◆ **Task brief**: The full listing should be written out verbatim, and its images should be dropped.

◆ **Dataset excerpt**:
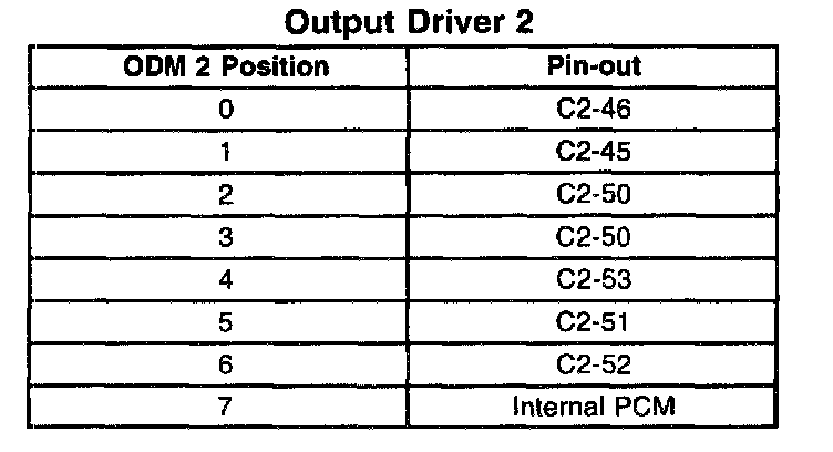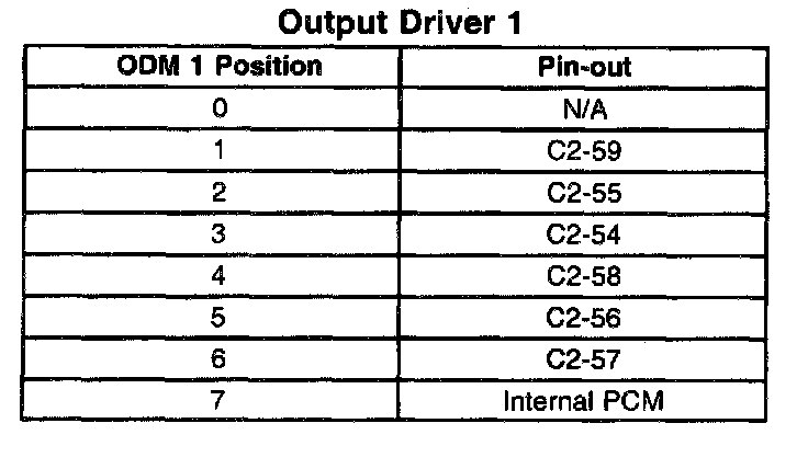 Drivers also have a fault line to indicate the presence of a current fault to the PCMs central processor. A scan tool displays the status of the driver fault lines as 0 = OK, 1 = Fault. In order to correctly read the Short or Open PCM Output parameters on the scan tool, the ODM positions read from left to right: 7, 6, 5, 4, 3, 2, 1, 0. The actual pin-out locations for the PCM Output parameters are shown on the tables.
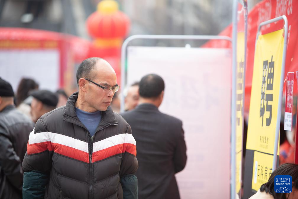 2月19日,在重庆市秀山土家族苗族自治县花灯广场,求职者在招聘会现场了解招工信息。
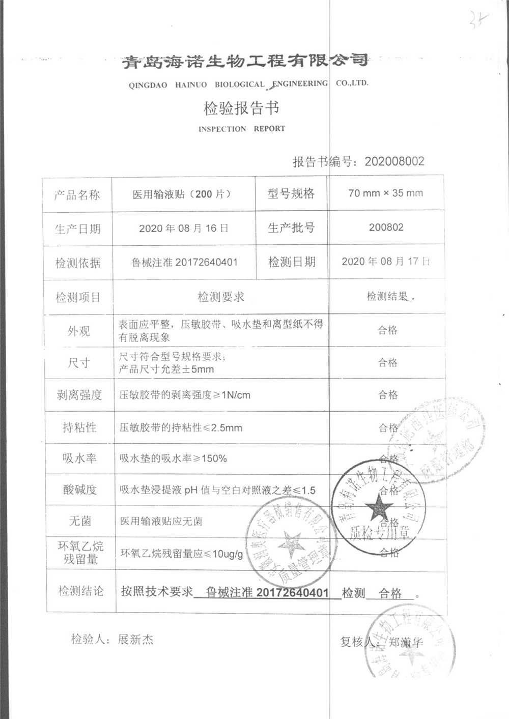 | 醫(yī)用輸液貼(200片) | 70mmx35mm | 191102 | 查看詳情 |
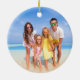 Chic customisable beach family photo Christmas ornament with your favourite tropical photo in the sun. Add a full photograph of your favourite memory from your island vacation to the coast on the front and one on the back. A beautiful coastal holiday ornament gift with pretty blue script over the picture.

◆ **Result**:
 Drivers also have a fault line to indicate the presence of a current fault to the PCMs central processor. A scan tool displays the status of the driver fault lines as 0 = OK, 1 = Fault. In order to correctly read the Short or Open PCM Output parameters on the scan tool, the ODM positions read from left to right: 7, 6, 5, 4, 3, 2, 1, 0. The actual pin-out locations for the PCM Output parameters are shown on the tables.
 2月19日,在重庆市秀山土家族苗族自治县花灯广场,求职者在招聘会现场了解招工信息。
 | 醫(yī)用輸液貼(200片) | 70mmx35mm | 191102 | 查看詳情 |
 Chic customisable beach family photo Christmas ornament with your favourite tropical photo in the sun. Add a full photograph of your favourite memory from your island vacation to the coast on the front and one on the back. A beautiful coastal holiday ornament gift with pretty blue script over the picture.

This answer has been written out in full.